Here, the arresting officer testified he found six small bags of crack cocaine in Smith’s vehicle, along with two bags of powder cocaine. Smith testified that, although he was convicted for selling cocaine in the past, he was not aware there was cocaine in his car at the time of his arrest, and he did not intend to distribute cocaine. According to Smith, the cocaine must have belonged to the woman whom he picked up for purposes of engaging in prostitution. Smith also admitted he was carrying $3,200 in cash at the time of his arrest, which he asserted was acquired through his legitimate employment.

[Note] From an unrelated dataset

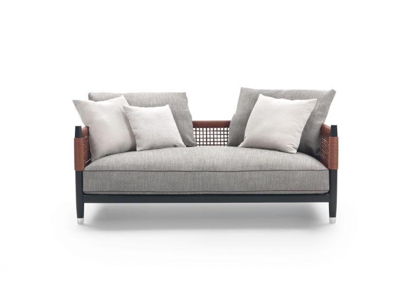 The structure of the Parker sofa is made of solid turned and hand-finished wood. The finely woven material featured on the backrest and armrests is also entirely hand-made. It has a single seat cushion and large, generously padded loose cushions that lean against the backrest, which comes in versions clad in woven cord or in cowhide.

Because Smith chose to testify, he ran the risk that, if disbelieved, the district court “might conclude the opposite of his testimony is true.” United States v. Brown, 53 F.3d 312, 314 (11th Cir. 1995). Although Smith arguably provided a plausible explanation for how the drugs ended up in his car, the district court was free to disbelieve that explanation. Indeed, based on Smith’s testimony, the district court was free to conclude both that Smith knew the drugs were in his car and that he intended to distribute them. See id. (“[A] statement by a defendant, if disbelieved by the [factfinder], may be considered as substantive evidence of the defendant’s guilt.”) When paired with the arresting officer’s testimony concerning the individually packaged portions of cocaine, and Smith’s admission that he was carrying $3,200 cash, the evidence was sufficient for the district court to conclude Smith more likely than not possessed cocaine with intent to distribute. See id. at 314–15. Accordingly, the district court did not err by sentencing Smith based on its finding that Smith committed a Grade-A violation of his supervised release.

AFFIRMED.

FOOTNOTES

1.   We review for reasonableness a sentence imposed upon revocation of supervised release. United States v. Vandergrift, 754 F.3d 1303, 1307 (11th Cir. 2014). The district court’s factual findings are reviewed for clear error, and its application of the Guidelines to the facts is reviewed de novo. United States v. McGuinness, 451 F.3d 1302, 1304 (11th Cir. 2006).